Апдейт Тургенева

   
      Посвящаю Ольге Васильевне Мишаковой (Короленко), Заслуженному Учителю России

   

   Актера Виктора Дремова выгнали из театра за цирк, который он устроил из спектакля по рассказу Тургенева. А все началось таким образом.   

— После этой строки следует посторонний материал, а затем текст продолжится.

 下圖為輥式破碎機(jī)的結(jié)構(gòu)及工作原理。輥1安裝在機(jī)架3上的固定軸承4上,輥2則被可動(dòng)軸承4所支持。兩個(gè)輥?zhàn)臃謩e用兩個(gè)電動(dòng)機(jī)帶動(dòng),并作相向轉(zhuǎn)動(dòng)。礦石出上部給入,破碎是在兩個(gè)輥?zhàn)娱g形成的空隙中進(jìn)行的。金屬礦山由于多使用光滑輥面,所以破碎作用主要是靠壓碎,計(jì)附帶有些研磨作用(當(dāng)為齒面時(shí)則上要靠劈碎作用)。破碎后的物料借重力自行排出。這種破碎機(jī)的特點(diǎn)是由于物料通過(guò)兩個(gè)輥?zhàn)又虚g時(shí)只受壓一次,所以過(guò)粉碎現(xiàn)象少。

   В театральное училище Виктор поступал трижды и взял членов вступительной комиссии измором, замучив их исполнением басни "Лиса и виноград". Окончив училище, Дремов получил назначение в провинциальный театр в "медвежьем углу".   

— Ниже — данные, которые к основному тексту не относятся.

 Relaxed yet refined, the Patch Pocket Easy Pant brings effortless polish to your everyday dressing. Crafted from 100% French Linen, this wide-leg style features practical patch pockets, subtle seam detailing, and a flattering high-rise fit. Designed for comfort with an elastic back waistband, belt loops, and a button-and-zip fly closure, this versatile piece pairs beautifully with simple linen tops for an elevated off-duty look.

   Однажды при распределении ролей в спектакле "Муму" Дремову поручили играть глухонемого крепостного дворника Герасима. Несмотря на то, что Герасим являлся главным героем спектакля, актер остался недоволен ролью и завидовал коллегам. Например, роль "местной Салтычихи", как называли барыню, дали Наталье Семенихиной. "Конечно, и дураку понятно, почему дали роль этой Семенихиной! Все в театре знают! - завидовал Дремов. - Спит она просто с главным режиссером, вот и все дела.  А кого же поставит Анатолий Ефремович на такую роль, как не свою любовницу? И что мне теперь делать? Ходи, понимаешь, по сцене, мычи, как остолоп, и вращай зеркалами души".
   Дремов не выдержал несправедливости, подошел к Квиткину и спросил:
   - Анатолий Ефремович! Почему вы мне дали роль Герасима? У меня же в ней нет никаких реплик. Что я буду делать на сцене? Топтаться на месте или ходить из угла в угол, как придурок? Не могли бы вы дать мне что-нибудь другое?
   Режиссер  ответил:
   - Виктор Семенович! Милый вы мой! Какие могут быть реплики у немого Герасима? Окститесь! А чем вам, собственно, не нравится роль Герасима? Роль, во-первых, одна из самых важных. Вспомните, много ли вы главных ролей сыграли? То-то же. Я считаю, голубчик, что вам еще крупно повезло. А во-вторых, понимаете, вы просто по комплекции подходите. Вы - мужчина с габаритами, под метр девяносто, кажется. Кого же мне, батенька вы мой, изволите ставить? Евгения Сулькина? Так у него роста того, ха-ха-ха, - вообще метр с кепкой. Василия Ванькина? У него средний рост, метр шестьдесят пять, - Герасим из него, согласитесь, получится тоже не натуральный. Олега Степушкина? Так он на больничном сейчас. Тоже отпадает. Так что, Виктор Семенович, милейший вы мой человек, отсылаю вас к великому писателю земли русской. Предъявляйте свои претензии Ивану Сергеевичу. Я тут ни при чем.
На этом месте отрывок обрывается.